__Records from a data collection__.
Segment Open
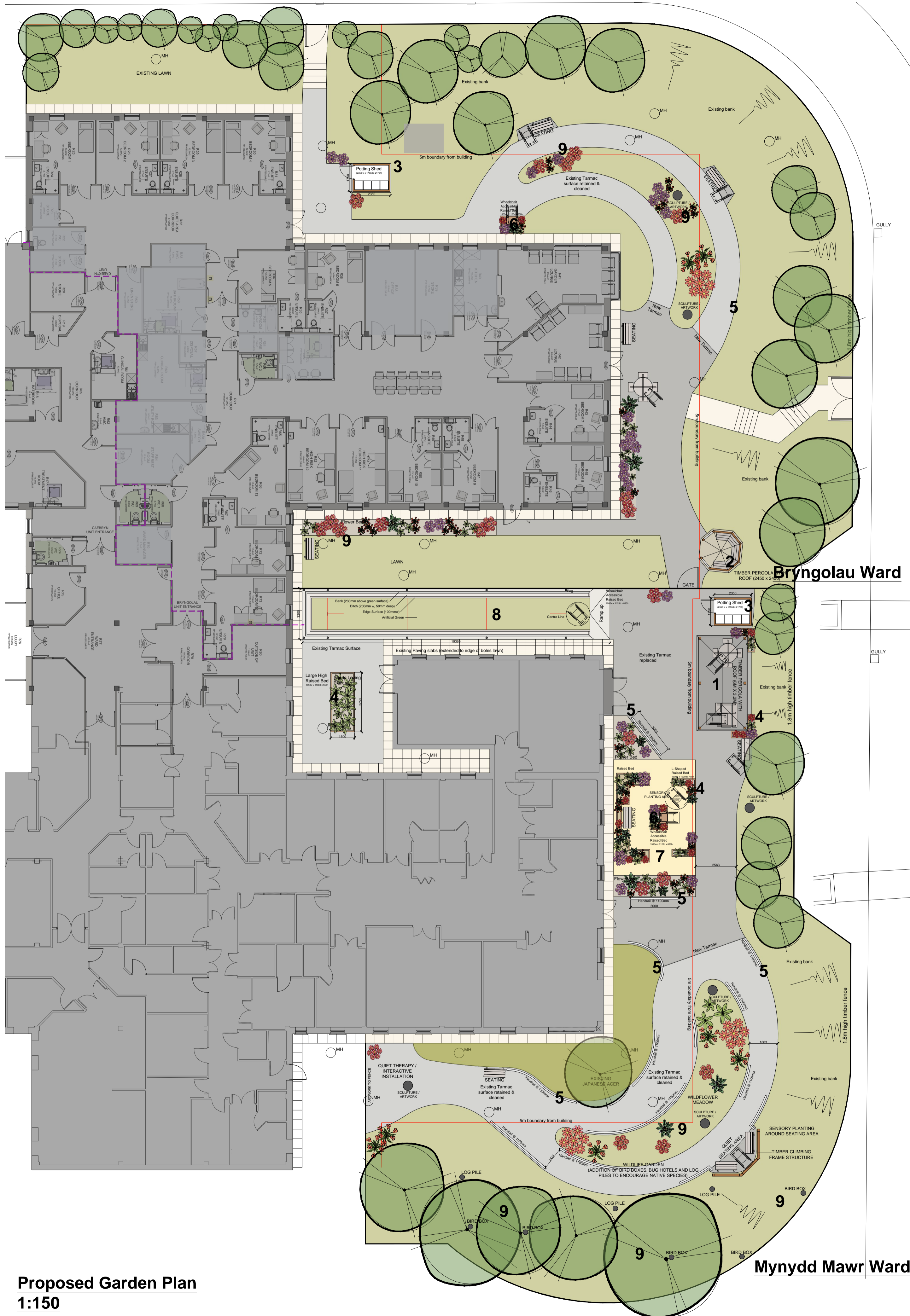
Proposed Garden Plan 1:150
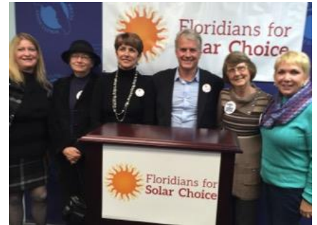
Solar Choice Press Conference

The Floridians for Solar Choice coalition acknowledges that the utilities' multi-million dollar misinformation campaign has succeeded in confusing voters and preventing Solar Choice from gaining a slot on the 2016 ballot. However, the coalition's goal remains unchanged: to open the solar market in Florida and encourage the development of clean and affordable energy through smart solar policy. As petitions are valid for 24 months from the date of signing, the coalition continues to explore options to qualify for the 2018 ballot and Solar Choice volunteers and partner organizations continue to collect petitions around the state.
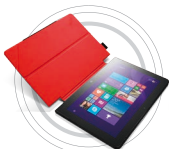
ThinkPad 10 Quickshot Cover
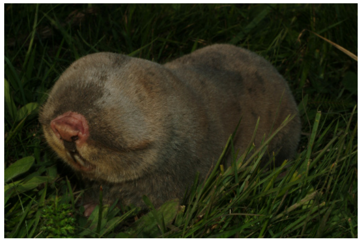
Figure 1. Spalax antiquus (Aiton, Romania) in its natural habitat.

Lesser blind mole-rat, Nannospalax (superspecies leucodon; Musser and Carleton 2005). Although the species status of taxa differentiated solely on chromosomal grounds has not been widely accepted (Sözen et al. 2006; Ivanitskaya et al. 2008; Kryštufek et al. 2012), the results of the until now fairly limited molecular genetic investigations of this superspecies (Hadid et al. 2012; Németh et al. 2013a) and the results of breeding experiments with several Central European and Balkan chromosomal forms (Savić and Soldatović 1984) raises the necessity of species level separation at least of some of them. Alongside with taxonomic uncertainty the determination of conservation status of different mole-rat taxa is further hampered by their exclusively subterranean lifestyle which makes it difficult to evaluate their population size. While the leucodon-superspecies itself was categorised for a long time as Least Concern (Temple and Terry 2007, 2009), and changed recently to "Data Deficient" (Kryštufek and Amori 2008) to express the systematic problems within the group, while populations and habitats of many different European chromosomal taxa are disappearing at an alarming rate, a phenomenon which has just recently been realized (Kryštufek 1999; Kryštufek and Amori 2008; Németh et al. 2009).
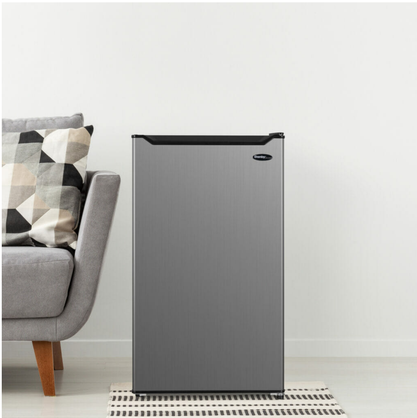
Smooth Back Design
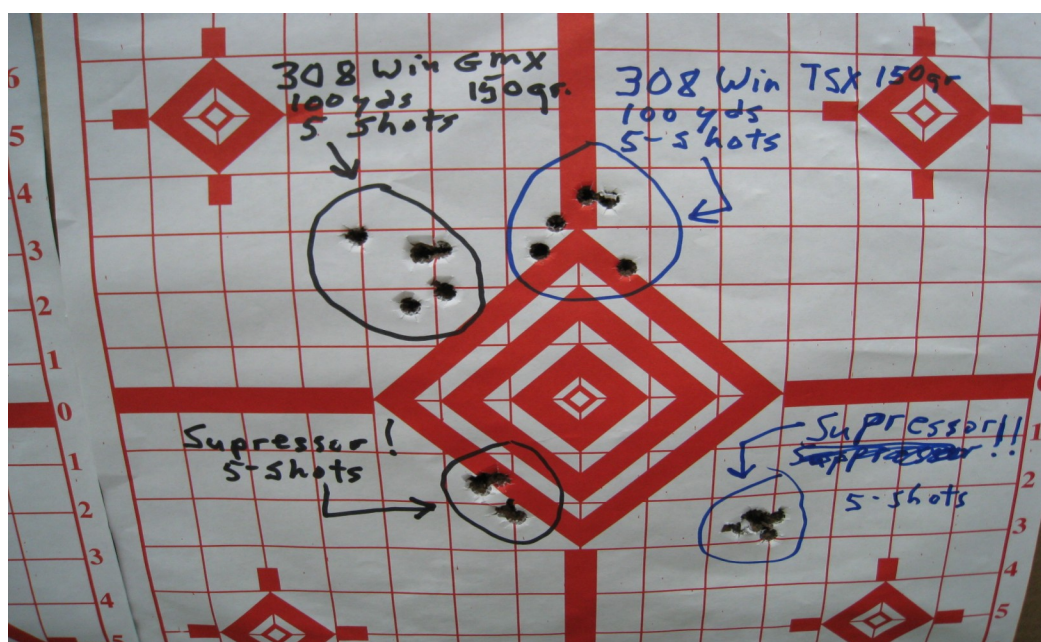
308 Win TSX and GMX 5-shot groups, with & without the suppressor, at 100 yards!!

The current ammunition for the Department 308 Winchester rifles is the Federal Premium 150 grain round with the Nosler Ballistic Tip bullet. This has been an accurate round and it has proven itself in anchoring deer in culling activities. The Barnes TSX, TTSX and Hornady GMX rounds that we tested were every bit as accurate, both with and without a suppressor. They hold together in mushrooming, retaining all their weight, unlike lead core rounds. Five-round groups shot from a bench and utilizing a "lead sled" shooting platform easily gave groups of 1½" groups at 100 yards for both Barnes and Hornady loads.
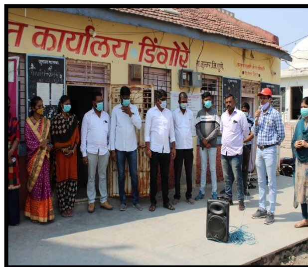
Inauguration program at Dingore camp 2020-21
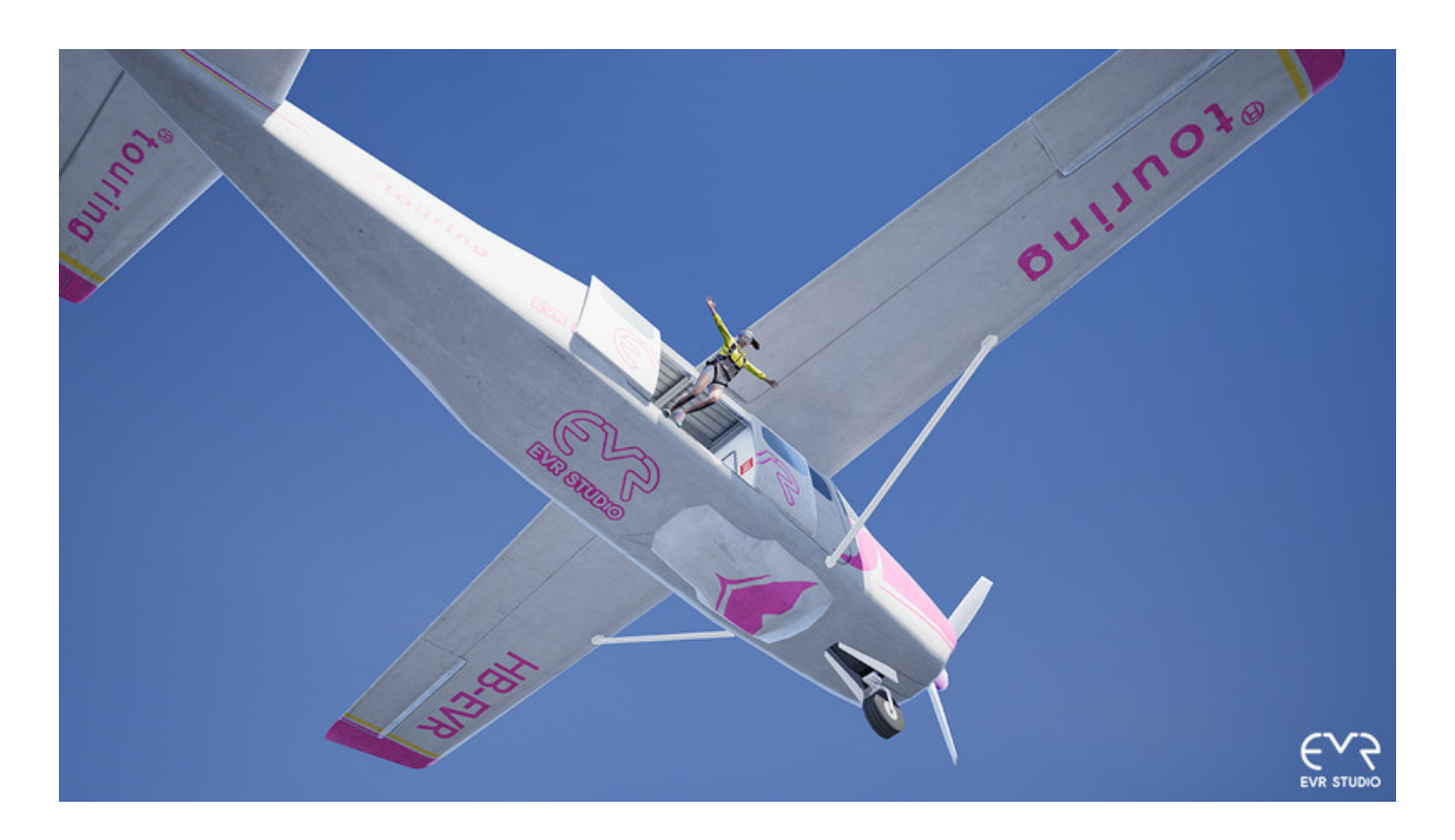
ProjectM: Daydream Activation Code [Crack Serial Key

Download ->>->> <a href="http://bit.lv/2SMDpYF">http://bit.lv/2SMDpYF</a>
Segment Closed
__Work request__. Which lines above include the word "suppressor"? Pick them out and copy them.

__Solution__.
308 Win TSX and GMX 5-shot groups, with & without the suppressor, at 100 yards!!
The current ammunition for the Department 308 Winchester rifles is the Federal Premium 150 grain round with the Nosler Ballistic Tip bullet. This has been an accurate round and it has proven itself in anchoring deer in culling activities. The Barnes TSX, TTSX and Hornady GMX rounds that we tested were every bit as accurate, both with and without a suppressor. They hold together in mushrooming, retaining all their weight, unlike lead core rounds. Five-round groups shot from a bench and utilizing a "lead sled" shooting platform easily gave groups of 1½" groups at 100 yards for both Barnes and Hornady loads.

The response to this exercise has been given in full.